German airline Lufthansa on Friday signed a deal for the purchase of loss-making Austrian Airlines, a move that will make it Europe’s biggest airline as the sector struggles with the economic downturn.
In a first step, Lufthansa agreed to buy Austrian state holding company OeIAG’s 42% stake in Austrian Airlines (AUA) but plans to take it over completely for up to €377 million ($482 million) once Brussels approves the tie-up.
Airlines are in upheaval around the world, battling wild swings in fuel prices and falling demand as a global recession looms. Lufthansa is vying with Air France KLM and British Airways to emerge as European industry leader. “We are creating a European airline alliance for the long term and helping make sure Europe’s interests are catered to,” Lufthansa Chief Executive Wolfgang Mayrhuber told a news conference after the signing in OeIAG’s Vienna headquarters. “We need to find solutions for the fragmented European market,” Mayrhuber said.
Mayrhuber said he considered the risk of the European Commission blocking the deal to be “close to zero.” He said Lufthansa did not now plan to cut jobs at AUA, but expected to raise cost savings of about €40 million and additional revenues of €40 million a year.
AUA adds to a string of regional airlines the German carrier is buying: Brussels Airlines, Britain’s bmi, and its German partner Eurowings. It is also competing with Air France for an alliance with Alitalia. BA this week revealed it is in talks with Australia’s Qantas after earlier this year starting talks with Spain’s Iberia, which are still ongoing. Ryanair is trying to buy Irish flag carrier Aer Lingus.
November traffic numbers published on Friday confirmed the bleak state of the industry.
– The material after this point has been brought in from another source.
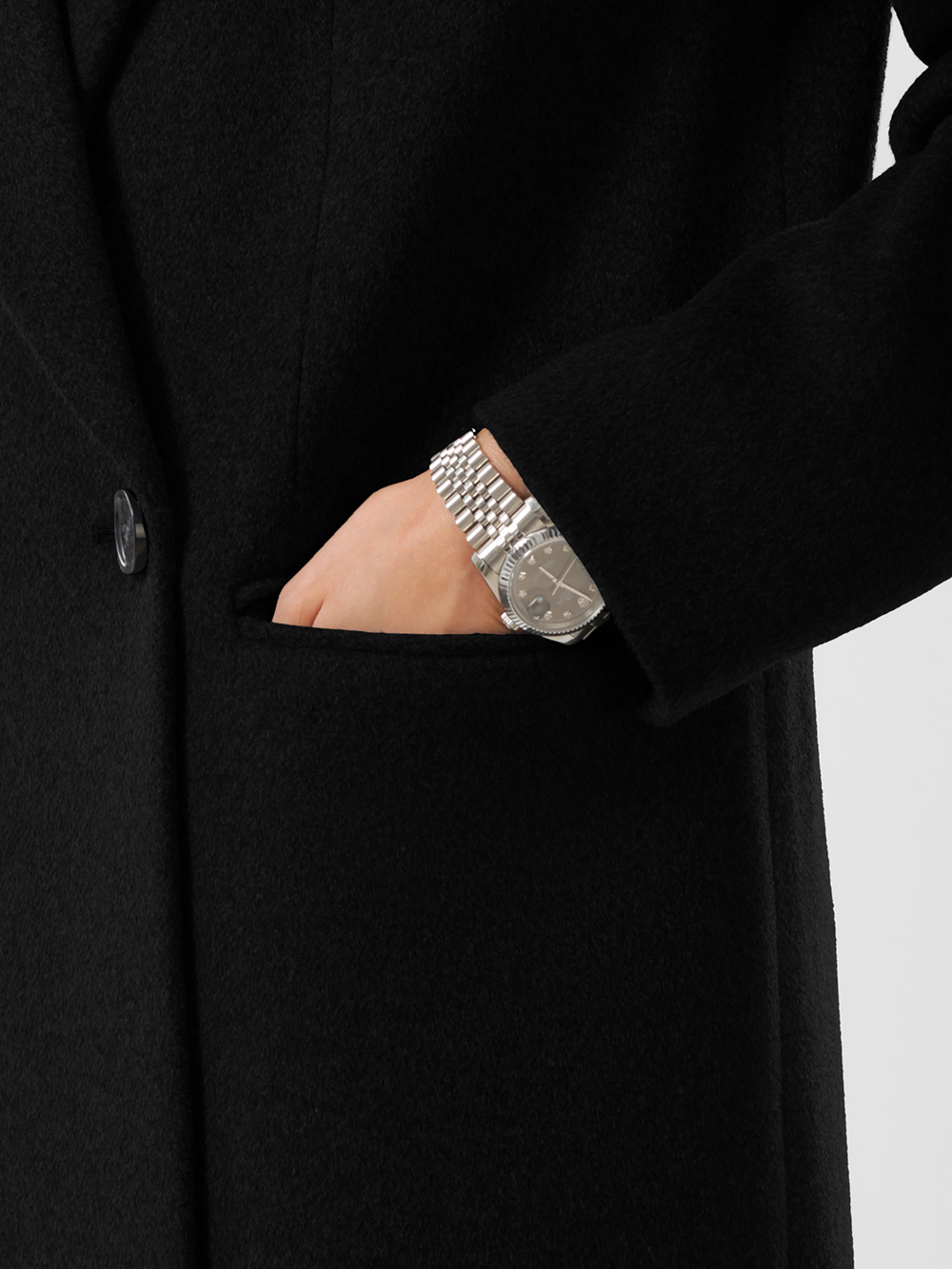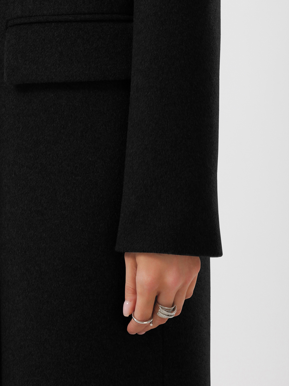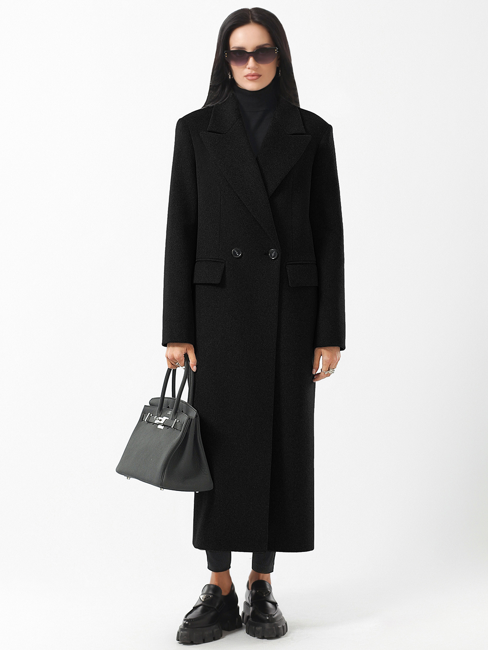 Трендовое оверсайз пальто модного прямого силуэта. Модель сочетает деловой стиль с женственной элегантностью. Пальто выполнено из благородной шерстяной ткани с микроворсом. Актуальный лаконичный крой. Расширенная линия плечевого пояса, комфортные втачные рукава. Английский воротник с модными острыми лацканами. Удобные прорезные карманы с клапанами, застежка на фирменные пуговицы. Шлица в среднем шве спинки.

Scandinavian airline SAS reported a 13% drop of revenue passenger kilometers, while Aer Lingus traffic sagged by 9%. Airline industry body IATA has warned commercial aviation could lose more than $5 billion this year.
The Austrian government had to accept only a nominal price for its AUA stake -- it may get more if AUA meets future earnings targets -- and had to assume €500 million of AUA’s debt to make the deal happen. Credit rating agencies Standard & Poor’s and Moody’s both cut the outlook for Lufthansa’s credit rating on Friday, partly because the AUA deal increases Lufthansa’s leverage. Both noted, however, that the deal was attractive for Lufthansa.
AUA shares continued to rise, trading up 3% at €3.82 by 1508 GMT on Friday, still short of the €4.44 takeover bid Lufthansa has promised. Lufthansa traded 2% lower at €10.15. (Reuters)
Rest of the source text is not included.